Are Hormonal Contraceptives Endocrine Disruptors?

We are now generations into this medical experiment – and the synthetic hormones have been stored in our fatty tissue and passed down to the next generation.  In addition, our exposure to endocrine disruptors has increased exponentially and is building up in our bodies.  Our neuro, endocrine, and immune systems are being significantly altered.

Does it matter that hormonal contraceptives are endocrine disrupting chemicals?

Society for Menstrual Cycle Research
re: Cycling

by Laura Wershler
March 6, 2013

EDC_2012ReportI’ve been wading through State of the Science of Endocrine Disrupting Chemicals – 2012. The 289-page report was prepared by a group of experts for the United Nations Environmental Programme and World Health Organization.

It is dense and complex, but what I’ve been looking for is any acknowledgement that hormonal contraceptives are endocrine disrupting chemicals (EDCs).

Hormonal contraceptives clearly act as EDCs according to the definition used in this report:

An endocrine disruptor is an exogenous substance or mixture that alters function(s) of the endocrine system and consequently causes adverse health effects in an intact organism, or its progeny, or (sub) populations.

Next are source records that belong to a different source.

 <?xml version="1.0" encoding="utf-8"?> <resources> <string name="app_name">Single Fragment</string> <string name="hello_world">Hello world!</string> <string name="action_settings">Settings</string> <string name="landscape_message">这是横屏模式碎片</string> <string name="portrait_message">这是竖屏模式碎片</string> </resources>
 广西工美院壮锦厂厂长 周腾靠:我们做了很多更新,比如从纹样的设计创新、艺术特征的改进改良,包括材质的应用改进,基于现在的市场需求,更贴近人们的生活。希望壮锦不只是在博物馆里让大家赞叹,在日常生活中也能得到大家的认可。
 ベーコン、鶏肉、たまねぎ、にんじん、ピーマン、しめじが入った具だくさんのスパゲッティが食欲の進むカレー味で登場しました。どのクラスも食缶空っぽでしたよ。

A potential endocrine disruptor is an exogenous substance or mixture that possesses properties that might be expressed to lead to endocrine disruption in an intact organism, or its progeny, or (sub) populations.

Adverse health effects would include, in this context, anything that disrupts the reproductive systems of humans (and wildlife) or contributes to other health problems such as hormone-related cancers, thyroid-related disorders, cardiovascular disease, bone disorders, metabolic disorders and immune function impairment. Hormonal contraceptives certainly disrupt the reproductive system and have been associated with increased risk of cardiovascular events, loss of bone density, decreased immune function and, in some studies, increased risk for breast cancer. Metabolic disorders? Recent research suggests that long-acting progestin-based birth control may increase risk in obese women for Type 2 diabetes.

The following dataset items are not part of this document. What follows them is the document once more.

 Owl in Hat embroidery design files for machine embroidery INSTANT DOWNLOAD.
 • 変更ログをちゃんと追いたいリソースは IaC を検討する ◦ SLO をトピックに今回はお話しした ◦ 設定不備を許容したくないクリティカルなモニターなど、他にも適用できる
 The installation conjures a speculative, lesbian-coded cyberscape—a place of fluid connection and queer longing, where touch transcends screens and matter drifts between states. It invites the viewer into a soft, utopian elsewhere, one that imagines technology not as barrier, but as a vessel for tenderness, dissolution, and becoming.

The only mention I could find of specific contraceptive chemicals is in section 3.1: The EDCs of concern. In a table under the sub-heading Pesticides, pharmaceuticals and personal care product ingredients, two key components of hormonal contraceptives are listed: Ethinyl estradiol, the synthetic estrogen used in most oral contraceptive formulations, and Levonorgestrel, a synthetic progesterone used in combined oral contraceptive pills, emergency contraception, the Mirena IUD, and  progestin-only birth control pills. Levonorgestrel is considered of “specific interest.”